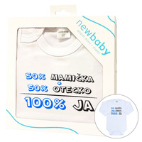 Originálne bavlnené dojčenské body s dlhým rukávom New Baby, s vtipným nápisom 50% MAMIČKA + 50% OTECKO - 100% JA. Farby použité k potlači sú certifikované a vhodné pre bábätká. Je vyrobené z príjemného a kvalitného materiálu, v ktorom sa bude Vaše bábätko cítiť príjemne. Body má zapínanie na cvočky na ramienku a medzi nožičkami, čo uľahčuje obliekanie a prebaľovanie. Doprajte Vášmu bábätku vyniknúť v originálnom body. Zloženie: 100% bavlna. Rozmery: obvod okolo hrudníka cca 36 cm, dĺžka rukáva cca 18 cm, celková dĺžka cca 32 cm.
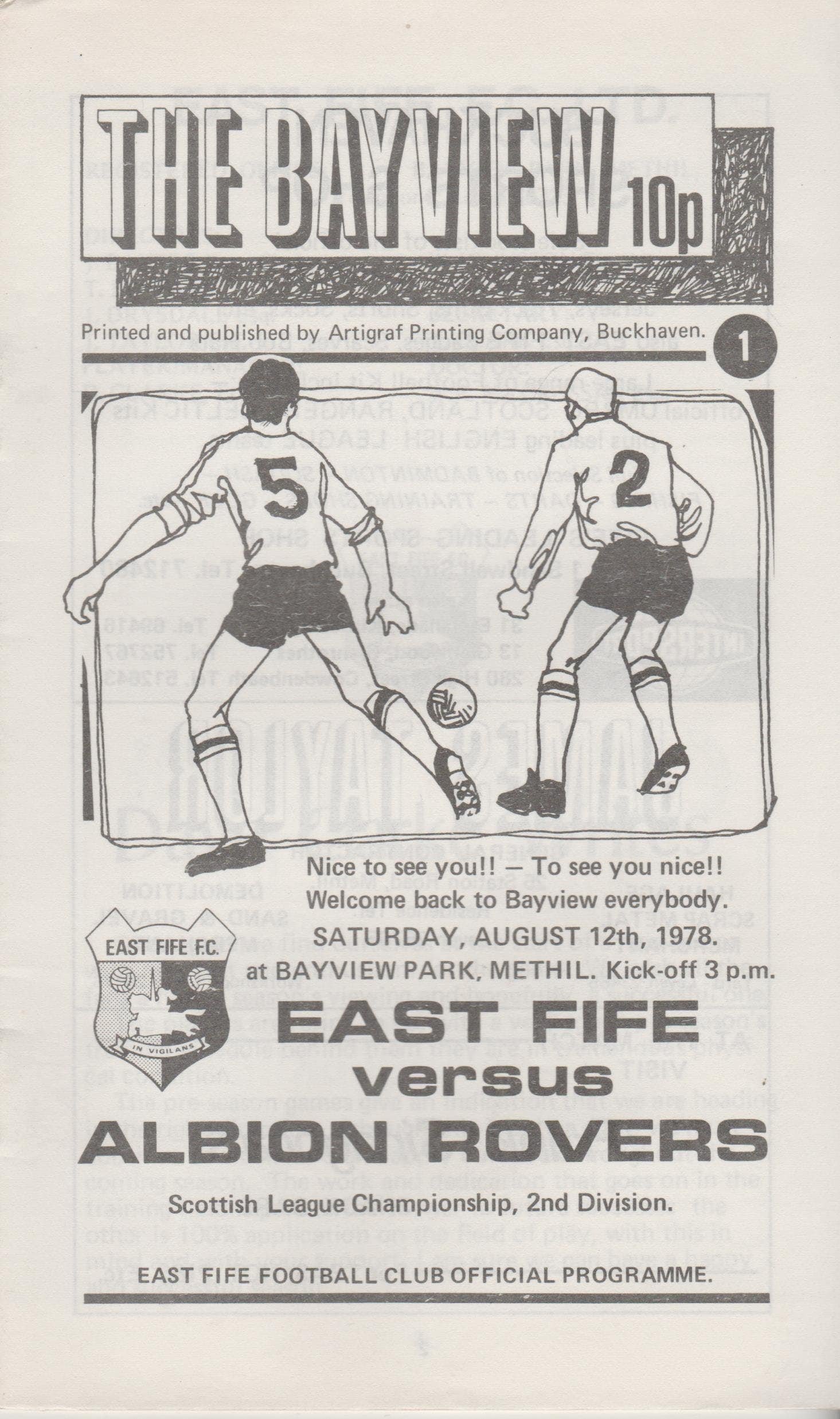 Match: East Fife v Albion Rovers Competition: Scottish League Division 2 Date: 12-Aug-1978 Comments: Rating: 4 Condition: Very good Weight in grams: 40
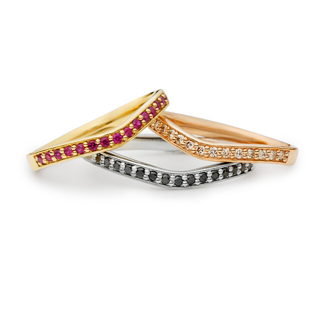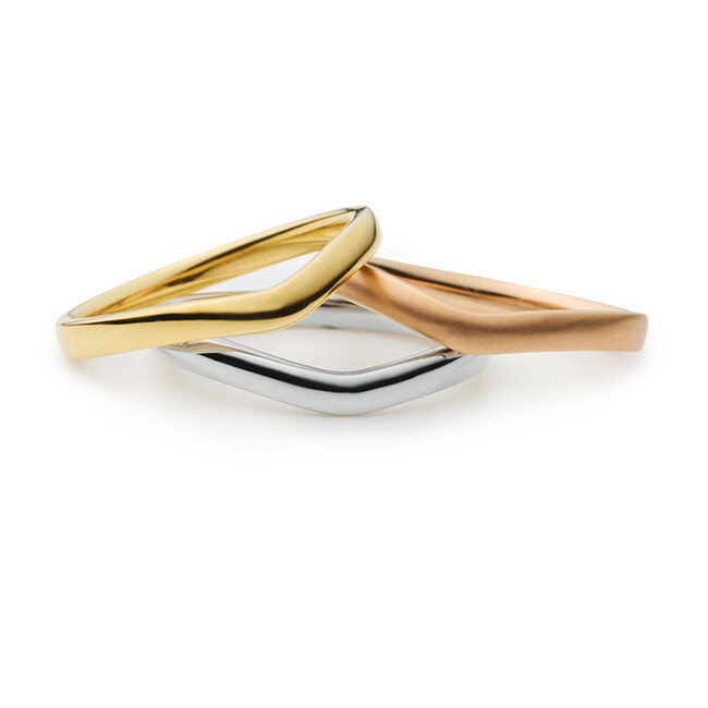 柔らかくV字を描いたリングをベースに、地金素材・仕上げ・アニバーサリーストーン(誕生石)の組み合わせができるリング。V字のマリッジリングとしてや、エンゲージメントリングとの重ね着けなど自由なアレンジを楽しめます。
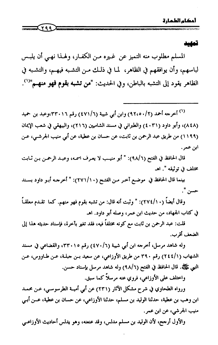 وقال أيضاً (10/ 274): " وثبت أنه قال: من تشبه بقوم فهو منهم. كما تقدم معلقاً في كتاب الجهاد، من حديث ابن عمر، وصله أبو داود. اهـ
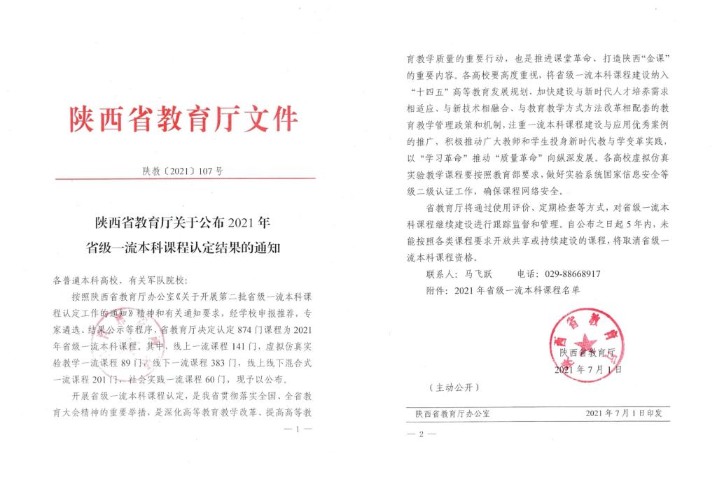 《关于对2021年度省级一流本科课程认定结果的通知》陕教〔2021〕107号
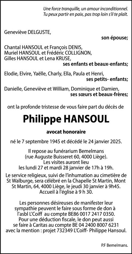 Décédé à Liège (4000, Belgique) le vendredi 24 janvier 2025 à l'âge de 79 ans
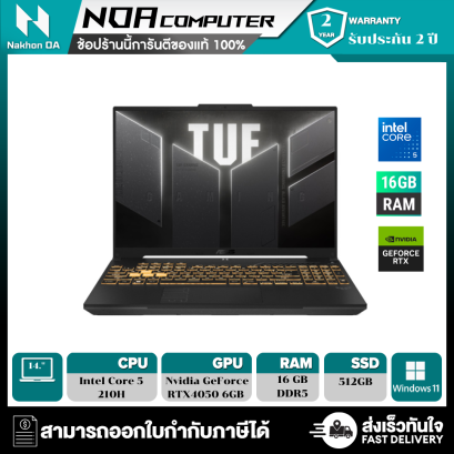 CPU : AMD Ryzen 7 7435HS / GPU : Nvidia GeForce RTX 4050 / RAM : 16GB DDR5 4800MHz / SSD : 512GB PCIe/NVMe M.2 / Display :15.6" FHD IPS Anti-glare 144Hz / Windows 11 Home / warranty : 2 Years
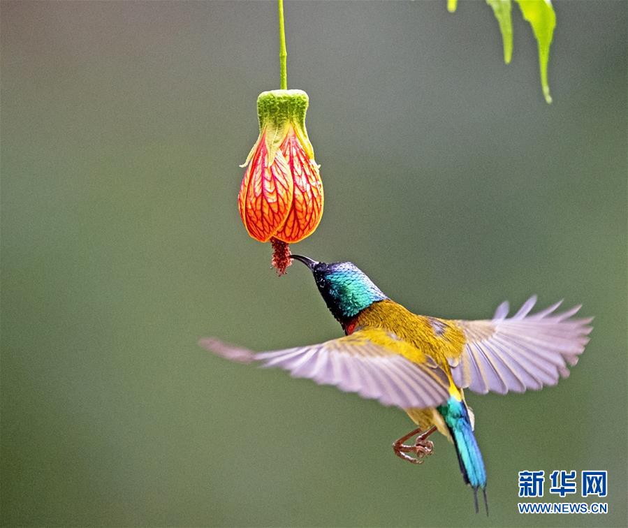 在福州市西湖公園,一只叉尾太陽(yáng)鳥在狀如燈籠的懸鈴花前懸停、采蜜(1月3日攝)。 新華社記者梅永存攝
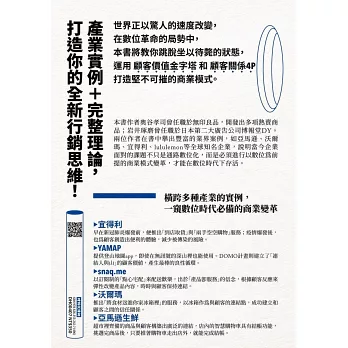 本書是以數位革命為前提,將著眼點放在數位革命所促成的行銷進化上。在顧客的「日常生活的數位化轉換」持續加速的此刻,行銷思維的根本已超出通路或促銷數位化的層次,逐漸轉換成以數位為前提。
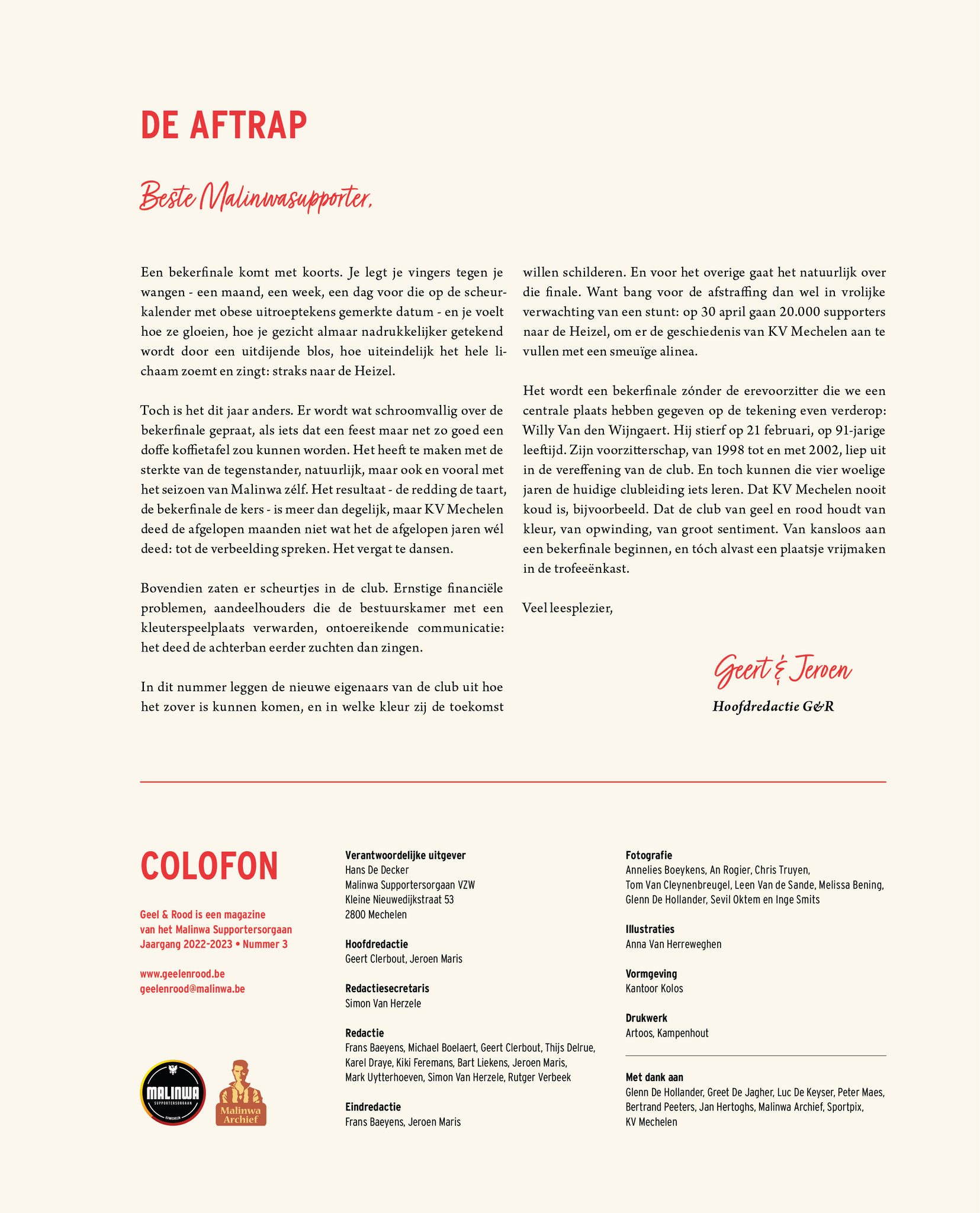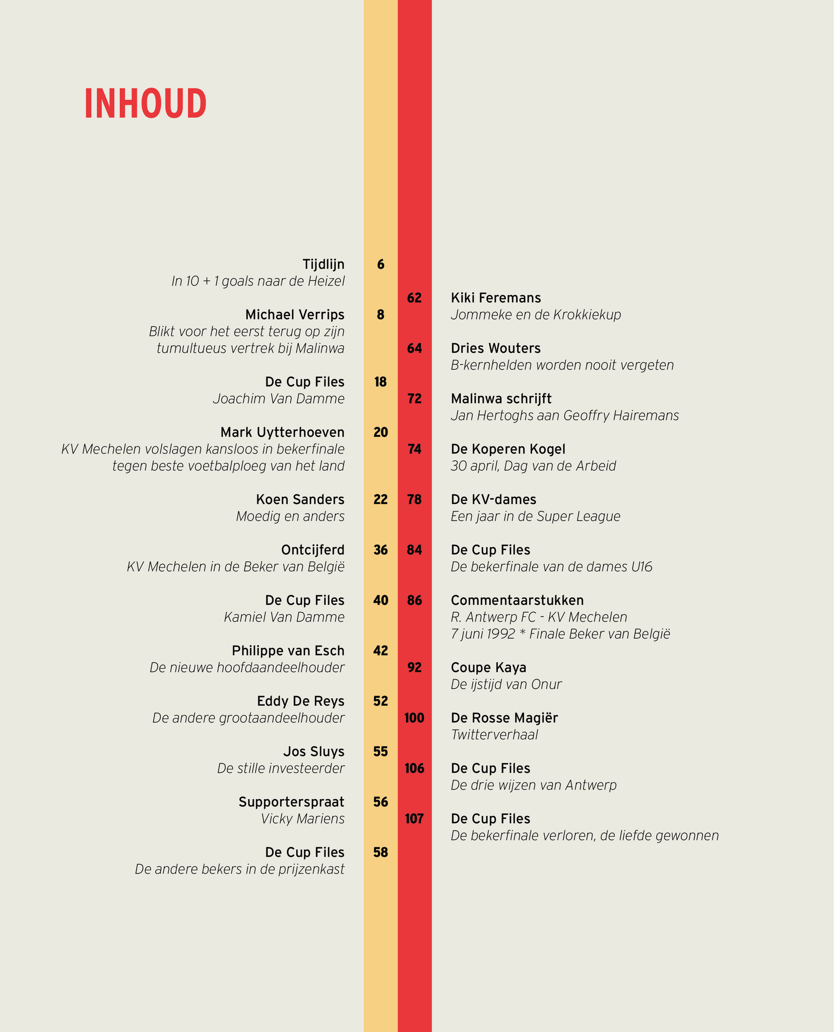 In meer dan 100 pagina’s komen de nieuwe aandeelhouders toelichting geven bij hun visie op de club, blikt Michael Verrips voor het eerst terug op zijn bewogen periode Achter De Kazerne en staan bekerhelden uit verleden en toekomst centraal.
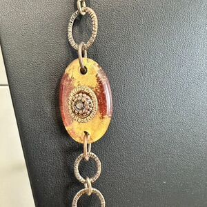 Chico's Long Beaded Chain Link Ceramic and Metal Statement Necklace
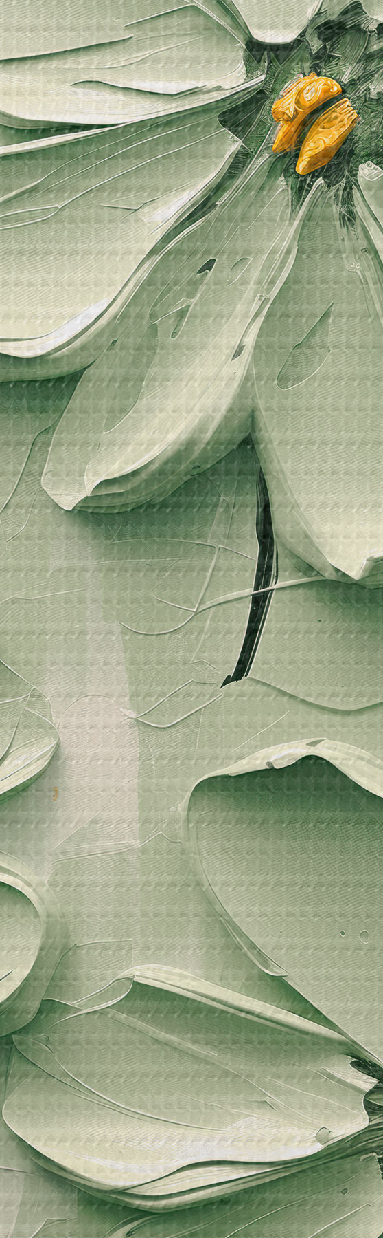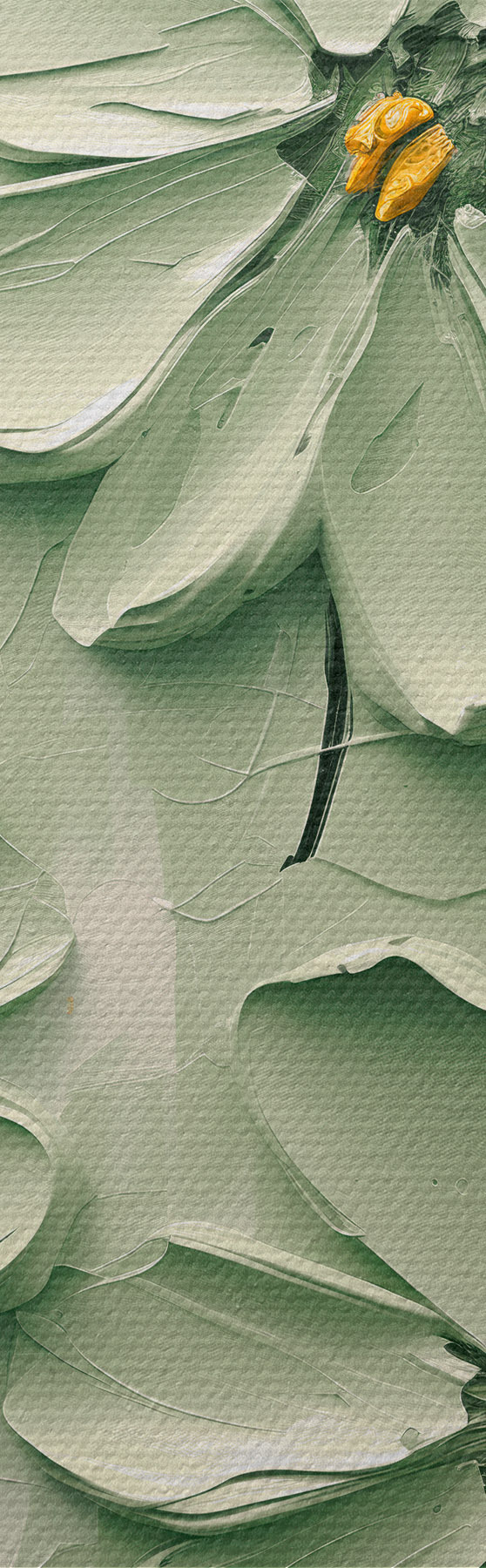 Bild Grüne Blumen mit gelben Zentren gemalt in dicken Pinselstrichen auf einem hellen Hintergrund Nr r45265
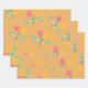 Mustard Retro Daisy Bouquet Pattern Wrapping Paper Sheets. Modern boho vintage with trendy urban floral pattern design by Dreaming Cocoon.
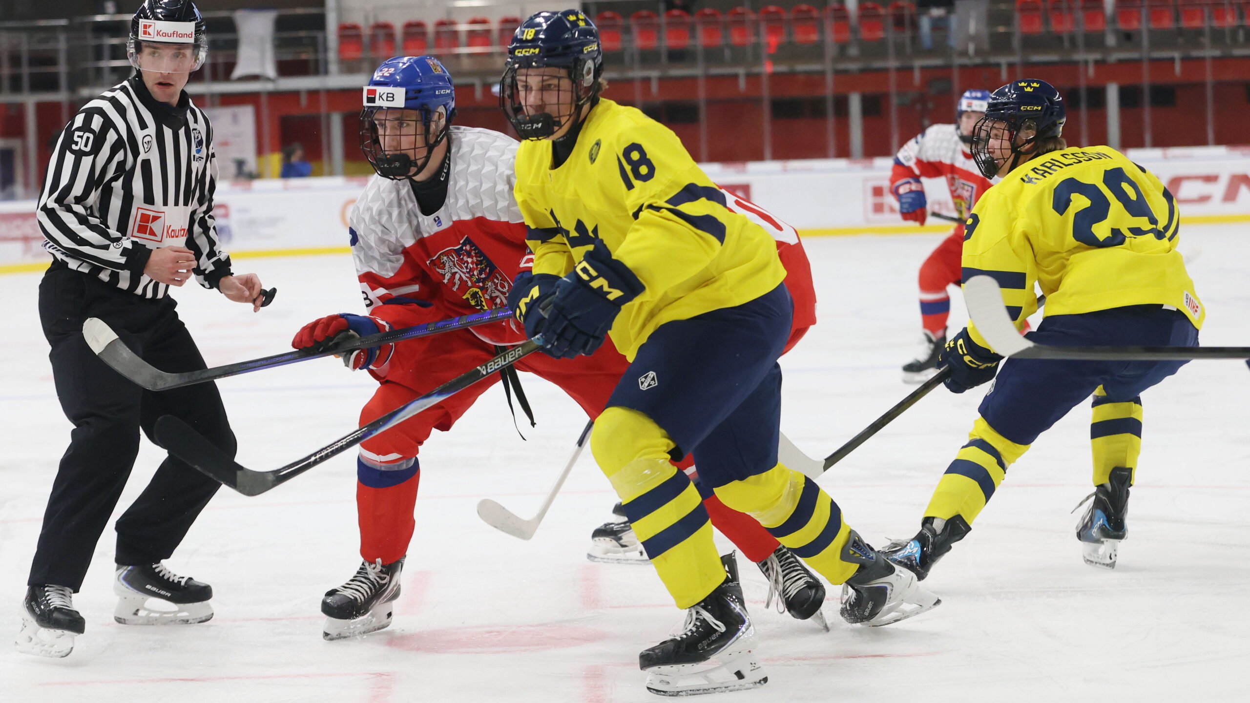 David Huk #22, Adam Andersson #18, Olle Karlsson #29, IIHF U18 World Championship 2026 SWE – CZE, Vladimír Dzurilla Arena, Bratislava, © Puckfans.at / Andreas Robanser
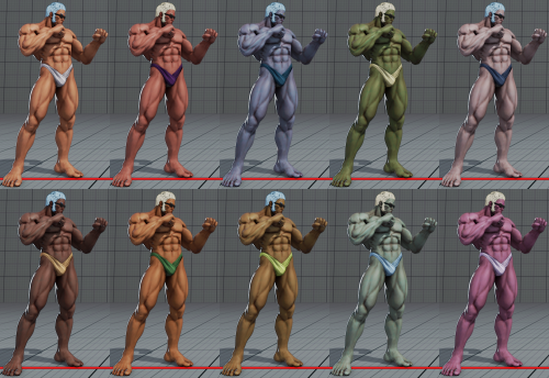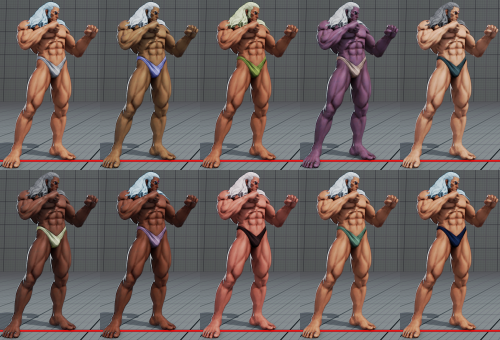 Urien and his amazing technicolor dream thongs! Here’s a glimpse into the muscular madman’s closet, where he’s got a loincloth for every occasion! (Including a tribute to Capcom’s famous blue & yellow logo.) If you still haven’t heard the news, these skimpy costume variations are available for all his outfits in Street Fighter V simply by holding LP+MK+HP after you’ve selected him on the Character Select screen until the match starts.
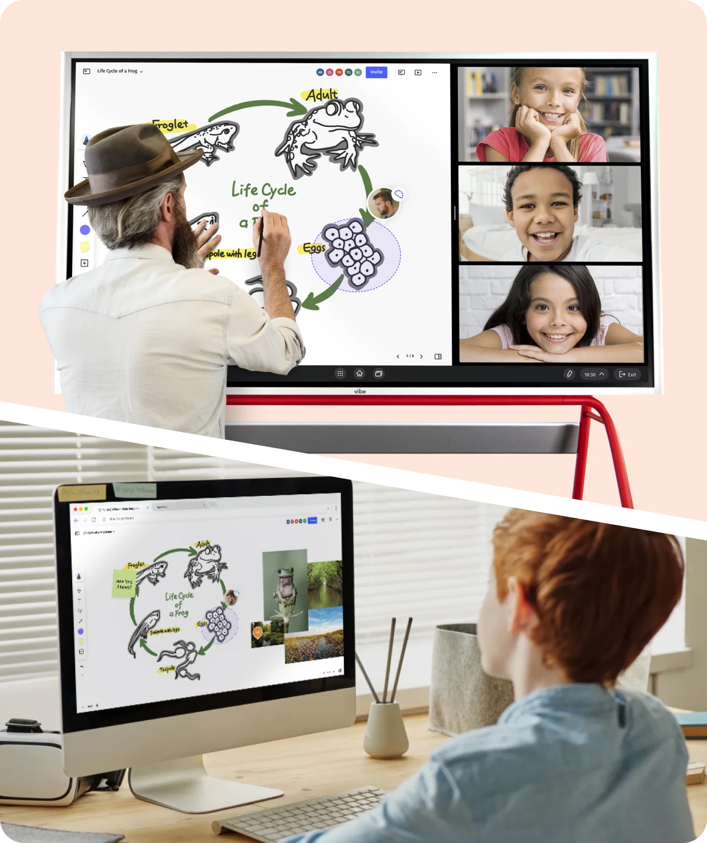 For collaborative projects, there are no limits on who can join or how long they can work together. Whether your students are in the classroom, at home, or split between both, they can access materials and contribute to projects through Vibe Canvas with just one simple link—using their tablets, smartphones, or laptops.

+--

The task: From the first line to the last, give the data again exactly, but without pictures.

Written reply:
 Originálne bavlnené dojčenské body s dlhým rukávom New Baby, s vtipným nápisom 50% MAMIČKA + 50% OTECKO - 100% JA. Farby použité k potlači sú certifikované a vhodné pre bábätká. Je vyrobené z príjemného a kvalitného materiálu, v ktorom sa bude Vaše bábätko cítiť príjemne. Body má zapínanie na cvočky na ramienku a medzi nožičkami, čo uľahčuje obliekanie a prebaľovanie. Doprajte Vášmu bábätku vyniknúť v originálnom body. Zloženie: 100% bavlna. Rozmery: obvod okolo hrudníka cca 36 cm, dĺžka rukáva cca 18 cm, celková dĺžka cca 32 cm.
 Match: East Fife v Albion Rovers Competition: Scottish League Division 2 Date: 12-Aug-1978 Comments: Rating: 4 Condition: Very good Weight in grams: 40
 柔らかくV字を描いたリングをベースに、地金素材・仕上げ・アニバーサリーストーン(誕生石)の組み合わせができるリング。V字のマリッジリングとしてや、エンゲージメントリングとの重ね着けなど自由なアレンジを楽しめます。
 وقال أيضاً (10/ 274): " وثبت أنه قال: من تشبه بقوم فهو منهم. كما تقدم معلقاً في كتاب الجهاد، من حديث ابن عمر، وصله أبو داود. اهـ
 《关于对2021年度省级一流本科课程认定结果的通知》陕教〔2021〕107号
 Décédé à Liège (4000, Belgique) le vendredi 24 janvier 2025 à l'âge de 79 ans
 CPU : AMD Ryzen 7 7435HS / GPU : Nvidia GeForce RTX 4050 / RAM : 16GB DDR5 4800MHz / SSD : 512GB PCIe/NVMe M.2 / Display :15.6" FHD IPS Anti-glare 144Hz / Windows 11 Home / warranty : 2 Years
 在福州市西湖公園,一只叉尾太陽(yáng)鳥在狀如燈籠的懸鈴花前懸停、采蜜(1月3日攝)。 新華社記者梅永存攝
 本書是以數位革命為前提,將著眼點放在數位革命所促成的行銷進化上。在顧客的「日常生活的數位化轉換」持續加速的此刻,行銷思維的根本已超出通路或促銷數位化的層次,逐漸轉換成以數位為前提。
 In meer dan 100 pagina’s komen de nieuwe aandeelhouders toelichting geven bij hun visie op de club, blikt Michael Verrips voor het eerst terug op zijn bewogen periode Achter De Kazerne en staan bekerhelden uit verleden en toekomst centraal.
 Chico's Long Beaded Chain Link Ceramic and Metal Statement Necklace
 Bild Grüne Blumen mit gelben Zentren gemalt in dicken Pinselstrichen auf einem hellen Hintergrund Nr r45265
 Mustard Retro Daisy Bouquet Pattern Wrapping Paper Sheets. Modern boho vintage with trendy urban floral pattern design by Dreaming Cocoon.
 David Huk #22, Adam Andersson #18, Olle Karlsson #29, IIHF U18 World Championship 2026 SWE – CZE, Vladimír Dzurilla Arena, Bratislava, © Puckfans.at / Andreas Robanser
 Urien and his amazing technicolor dream thongs! Here’s a glimpse into the muscular madman’s closet, where he’s got a loincloth for every occasion! (Including a tribute to Capcom’s famous blue & yellow logo.) If you still haven’t heard the news, these skimpy costume variations are available for all his outfits in Street Fighter V simply by holding LP+MK+HP after you’ve selected him on the Character Select screen until the match starts.
 For collaborative projects, there are no limits on who can join or how long they can work together. Whether your students are in the classroom, at home, or split between both, they can access materials and contribute to projects through Vibe Canvas with just one simple link—using their tablets, smartphones, or laptops.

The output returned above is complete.